Now here’s a show that wasn’t even on my radar back when the spring 2022 season started. Completely ignored it. Until — like everybody else — I saw the opening:
Can we talk about this opening a bit before we look at the anime itself? Insanely catchy, this is clearly not your typical anisong or idol production that you usually see as opening. A proper electronic dance song, something you could hear in any disco worldwide is something I’ve never seen used as an anime opening before. Where this song came from is even more interesting. Because this isn’t an original song, it’s a Japanese remix of a 2014 Hungarian summer hit, produced by the original artist. And if you’re old enough and both the original and the Japanese remix sound familiar, it’s because it uses a beat from a much older electronic dance hit: Sash’s Equador. This sort of borrowing is of course nothing new in dance music, always eager to use old favourites in new ways, but it sets a statement here. It promises that it will share that same international spirit.
How could it otherwise when the whole gimmick of the series and the original manga is that the famous Chinese strategist Zhuge Liang (courtesy name: Kongming), one of the most famous warlords from China’s Three Kingdoms period gets transported from his historical death bed to the streets of modern Shibuya, Tokyo’s party capital. He lands in the middle of New Years Eve celebrations, gets dragged along by the party people (paripi in Japanese slang) to a dance club and there hears Eiko. Captivated by her voice he vows then and there to use all his strategic wiles to make her a star. Which is indeed what happens, as step by step through carefully crafted strategems he raises Eiko’s profile from an obscure club singer to featuring at Japan’s hottest summer festival.

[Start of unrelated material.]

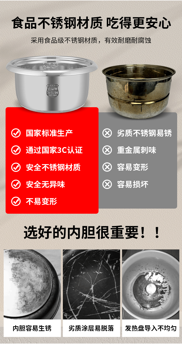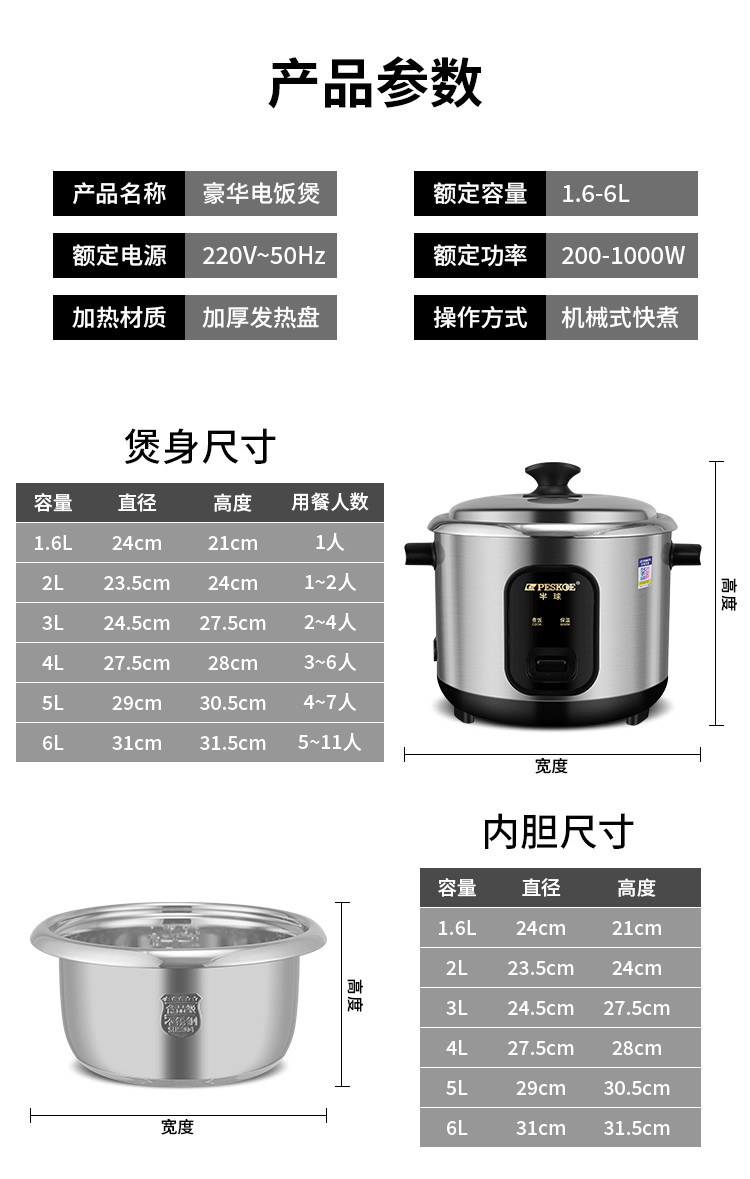 304 스테인레스 스틸 0 코팅 내부 컨테이너 전기 밥솥 증기선 구식 원피스 세대가있는 다기능 전기 밥솥스토어 가기

Eiko herself first came to Shibuya as a somewhat depressed teenager on a school trip and sort of stuck around and got inspired to be a singer. Her big example and person she looks up to is a fictional American soul singer clearly modeled after Whitney Houston, her song Eiko covers serving as a leitmotiv for her. Eiko is an optimistic, cheerful girl happy to go along with Kongming’s stratagems even while she’s unsure of what she’s doing. At times to be honest she becomes a bit too much just a pawn for Kongming to use, losing some of her own personality in the process, which is honestly my sole criticism of the show. Luckily it improves in the last third of the series as Eiko finds a new friend/rival while busking. At which point the show settles in familiar idol anime territory as Eiko’s passion and authenticity clashes with the manufactured, calculated drive for success of her friend and rival.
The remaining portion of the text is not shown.